J’aime pas les gens qui se prennent pour…
Florence Cestac – Hoëbeke

Dans la série dirigée par Riss (Charlie hebdo), c’est au tour de Florence Cestac de nous révéler ses petites détestations ordinaires. Un exercice qui l’a manifestement beaucoup amusée. Et le lecteur avec.

 

Roi rose
David B (d’après Pierre Mac Orlan) – Gallimard

C’est beau. Mais qu’est-ce que c’est court.

 

La main verte
Hervé Bouhris – Futuropolis

Une road-BD vélocipédique. Le périple d’un père et de son fils à travers une France sans voiture, puisqu’il n’y a plus d’essence, à la recherche des grands-parents qui savent, eux, comment cultiver un potager. Fable écolo pas manichéenne.
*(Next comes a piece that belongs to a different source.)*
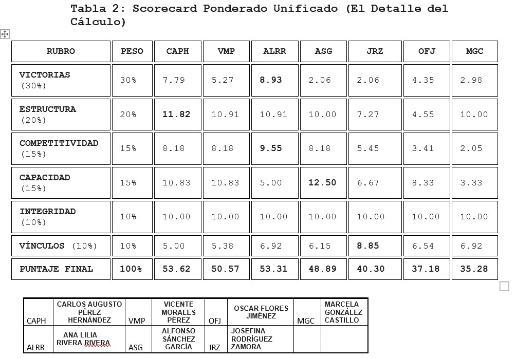 Tabla 2: Scorecard Ponderado Unificado (El Detalle del Cálculo)

Pas mal du tout.

 

Au rallye
Pierre Place – Warum

Le Rallye est un bar de banlieue où échouent les damnés de la terre du coin, entre espoir et rancœur, ténacité et renoncement. À la fois récit policier, étude sociologique et portrait de famille(s). Construit tel un puzzle qui renvoie à La vie mode d’emploi de Georges Perec. Lu avec un peu de retard (il est sorti en mai), un très bon livre.